News Release

NYIT researcher wins grant for implantable wireless system to measure gastric activity

NIH awards $457,000 for chip to map and monitor electrical impulses in the stomach

Grant and Award Announcement

New York Institute of Technology

Dr. Aydin Farajidavar, New York Institute of Technology

image: Dr. Aydin Farajidavar of New York Institute of Technology School of Engineering and Computing Sciences holds protoype of wireless implantable device for measuring gastric electrical impulses. view more 

Credit: Rui Wang

New York Institute of Technology (NYIT) Assistant Professor Aydin Farajidavar has received a $457,000 National Institutes of Health grant to develop an implantable wireless system to study the body's gastric and digestive systems.

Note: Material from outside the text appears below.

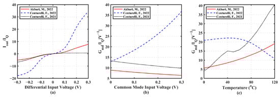 Figure 9 is related to the second set of tail-less BD input stages, demonstrating their class AB behavior because Iout/IQ values greater than the unity are achieved. Compared to class A solutions, a high transconductance is also attained. Specifically, the circuit in [58] operates only for negative vd. This limitation arises from the BD current mirror M7–M8, seen in Figure 5c, where increased input current beyond the standby value raises the input voltage, driving M7 out of saturation. The largest Iout/IQ ratio is achieved by [57]. However, Figure 9b shows that all topologies exhibit varying transconductance with VCM, with [57] displaying the most significant variation. Figure 9c shows that [58] has the highest sensitivity to temperature.

Farajidavar's research aims to create a safe method to monitor the electrical impulses producing rhythmic movements and contractions in the stomach that are central to gastric health and good digestion. Problems with gastric movements, called dysrhythmias, lead to disorders that prevent the stomach from digesting food normally, leading to other problems with blood sugar levels, nutrition absorption, and painful cramps.

"Right now, we have no adequate way to record the gastric signals that allow us to understand what may be happening in a patient's stomach," says Farajidavar. "External devices placed on the surface of the belly don't always pick up the stomach's signals or the signal recording is disrupted if the patient moves a certain way."

Farajidavar's tiny device is designed to be implanted in a patient during an endoscopy, a procedure in which doctors use a flexible tube to examine the digestive tract. Surgeons would insert the device by opening a small flap inside the stomach. Once implanted, the chip would transmit data on the stomach's so-called "slow waves" to a small patch worn on the skin. The patch, in turn, would transfer the data to a unit allowing doctors to map and monitor the stomach's electrical activity. The system is known as WINGS (Wireless Implantable NeuroGastroenterology System). The implant will be wirelessly recharged through the patch, potentially allowing it to stay in the body for a month or more.

"Once we know more about these gastric waves and signals, scientists can develop special therapies, similar to heart pacemakers, for patients suffering from gastric disorders," says Farajidavar. "In the field of cardiology, these technologies have helped revolutionize diagnosis and treatment of heart issues. The same thing is possible for the stomach conditions but only if we have ways to monitor gastric signals in long-term studies."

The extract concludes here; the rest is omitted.